Несмотря на периодически возникавшую ожесточенную напряженность между администраторами, осуществлявшими надзор за ними, и гражданский, и военный секторы извлекли выгоду из этих экономических улучшений, пусть и непропорционально большую. Военные расходы резко возросли с 3,6 миллиарда долларов в 1940 году, что составляло около 2 процентов национального продукта, до пика в 93,4 миллиарда долларов в 1944 году, когда примерно половина производительной энергии нации была направлена на военные нужды. При этом за тот же период времени закупки товаров и услуг для гражданского населения выросли на 12%.[1032] Большинству американцев ещё никогда не было так хорошо. Они открыли полмиллиона новых предприятий. Они ходили в кино и рестораны с небывалой частотой. Они покупали книги, пластинки, косметику, лекарства, ювелирные изделия и спиртные напитки в рекордных объемах. Любители скачек в 1944 году ставили на лошадей в два с половиной раза больше, чем в 1940-м. Домохозяйки делали покупки в хорошо укомплектованных супермаркетах, одиннадцать тысяч из которых были построены во время войны. Война даже сократила разрыв между уровнем жизни в сельской и городской местности, который увеличивался на протяжении почти полувека. «По мере того как цены на фермы становились все выше и выше, — вспоминала молодая женщина из Айдахо, — фермеры внезапно стали богатством общества… Фермерские времена стали хорошими временами… Мы и большинство других фермеров перешли из лачуг, крытых брезентом, в новые каркасные дома с внутренним водопроводом. Теперь у нас была электрическая плита, а не дровяная, и вода в раковине, где можно было мыть посуду, и водонагреватель, и хороший линолеум… Мы купили и пылесос… В нём было маленькое приспособление с баночкой, которое распыляло воск для пола, и, о боже, это было просто замечательно. Это было так современно, что мы просто не могли этого вынести».[1033] В 1943 году розничные продажи достигли рекордного уровня, а в 1944 году ещё больше возросли. В знаменательную дату, 7 декабря 1944 года, в третью годовщину Перл-Харбора, тысячи кассовых аппаратов сети универмагов Macy’s совершили самый большой объем продаж за всю историю гигантской розничной сети.[1034]

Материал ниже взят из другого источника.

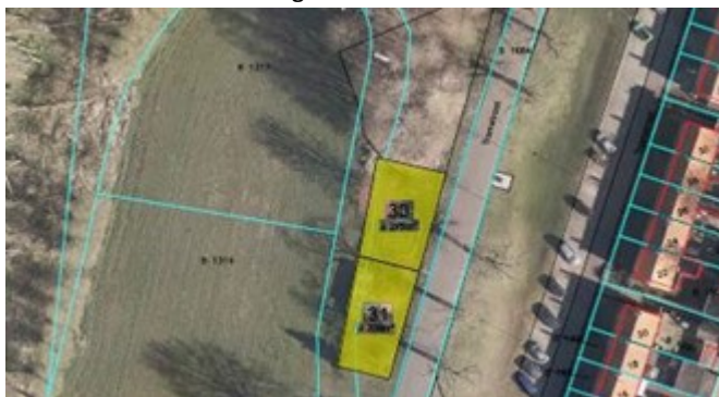
Figuur 5: Kavel 30 & 31 nabij Tramstraat

Vastgesteld is dat kavels 30 en 31 niet bijdragen aan de gewenste landschappelijke uitstraling van Bredevoort. Om deze reden zijn deze kavels uit niet langer verhuurd als zijnde volkstuint. Dit is afgestemd met Bredevoorts Belang.

То, что гражданское потребление в Соединенных Штатах вообще выросло, было исключительно американским достижением. В Великобритании личное потребление сократилось на 22 процента. В Советском Союзе, третьем партнере по Большому альянсу, ситуация на фронте была почти противоположной американской — массированное вторжение, за которым последовала программа мобилизации, характеризующаяся жестко регламентированным дефицитом, а не слабо контролируемым американцами изобилием. В то время как американцы вели войну, опираясь на постоянно расширяющуюся экономическую базу, русские были единственным народом, вынужденным вести войну на постоянно сокращающейся экономической базе, и это обстоятельство привело к большим и тяжелым перераспределениям из гражданского сектора в военный. По мере продвижения немецких войск через советский сельскохозяйственный центр производство продовольствия в России сократилось на две трети. Даже в тех районах, куда вермахт не добрался, миллионы русских погрузились в агонию нищеты и лишений; многие умерли от голода.[1035] В Германии и Японии требования военного производства, не говоря уже о бомбардировщиках и подводных лодках союзников, неизбежно накладывались на гражданское производство, резко снижая уровень жизни. К концу войны обе державы Оси направили на военные нужды более половины своего производственного потенциала. За время войны гражданское потребление сократилось почти на 20% в Германии и на 26% в Японии.[1036] Только в Америке все было иначе. Соединенные Штаты, единственные среди всех воюющих стран, наслаждались и оружием, и маслом, причём и тем, и другим в непревзойденных количествах.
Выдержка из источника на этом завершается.